Prof. Dr. Cem Bozşahin of METU Cognitive Science Department will be giving a talk on April 4th (Friday). Below you can find the title and the abstract of his talk. If you are planning to attend this talk, please send a reply to me as soon as possible with an indication of what would be a good time for you, so that I can arrange a suitable room and time for the talk:
E-mail address: aeminorhan at gmail com
“What do we parse when we parse?” by Prof. Dr. Cem Bozşahin, METU Cognitive Science Department
We parse strings of course, but what are in the strings? Words (known or unknown), affixes, clitics, tones, pitch contours, pitch accents, stress, syllables, interjections, noise and perhaps more. The amazing aspect is that parsing is almost like a reflex (try turning it off if you are a skeptic), and interpretation of the string (right or wrong) is immediate. Linguistic theories have to come to grips with these facts for their notion of computation to be acceptable by computationalist standards: fast, efficient, simple, effortless, robust, transparent and experience-driven processing. Computationalists on the other hand should realise that this is not possible without something turning the whole affair into a very guided search problem for the child, i.e. a bias, and linguists think that’s the principles of universal grammar.
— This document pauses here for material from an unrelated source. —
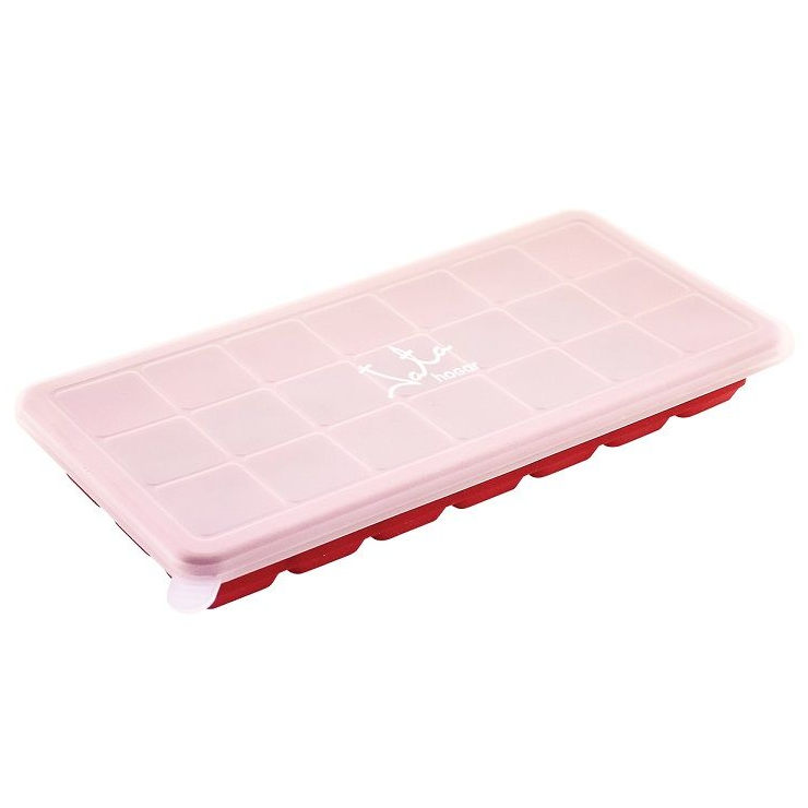 Bandeja de silicona para hielos con tapa protectora. Muy fácil de desmoldar. Totalmente flexible. Tapa protectora. 21 cubitos de 3 x 3 cm. 100% silicona platino.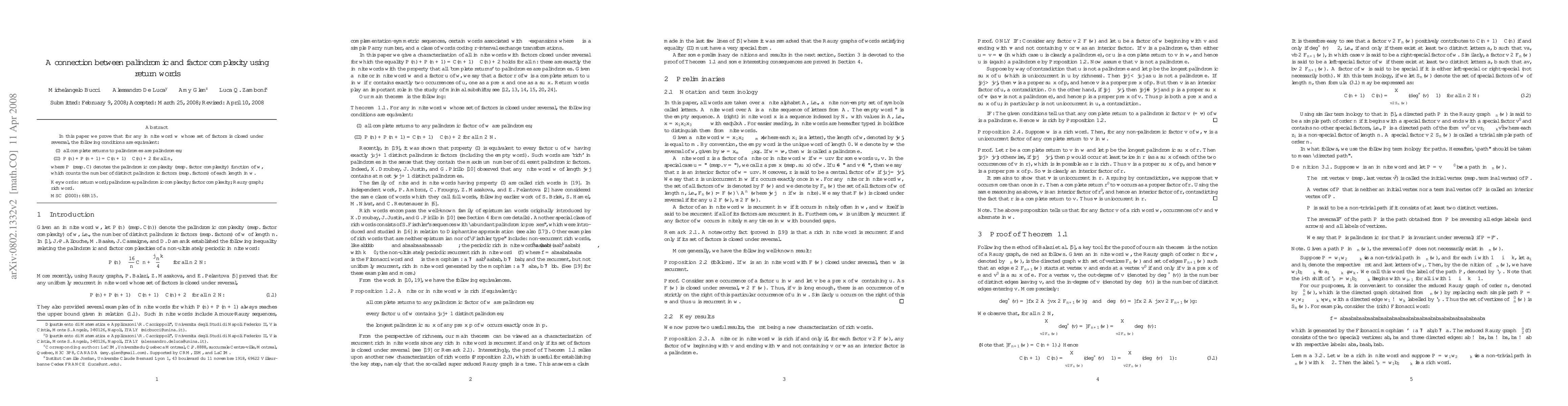 This paper establishes a link between palindromic and factor complexity in infinite words whose factor sets are closed under reversal. It proves that complete returns to palindromes being palindromes is equivalent to a specific relationship between palindromic and factor complexity functions.

In this talk, I will briefly describe what Combinatory Categorial Grammar (CCG) offers to conceive theory of competence and performance in a single package. Unlike multi-structural theories, and somewhat unexpectedly, it suggests that anything that bears on compositional semantics of strings can be reflected on lexicalized syntactic types as long as we conceive the types as things that are ultimately semantic in nature. It claims that human languages are type dependent, rather than structure dependent. Hence all these aspects are assumed to be diverse semantic constraints on a single dynamic aspect of grammar, its syntactic types. The theory suggests novel alternatives to perennial linguistic problems, such as unbounded extraction, crossing dependencies and flexible constituency, and to computational problems such as efficient parsing under ambiguity and learning. Its computational tractability and learnability make it a good candidate for wide-coverage parsing.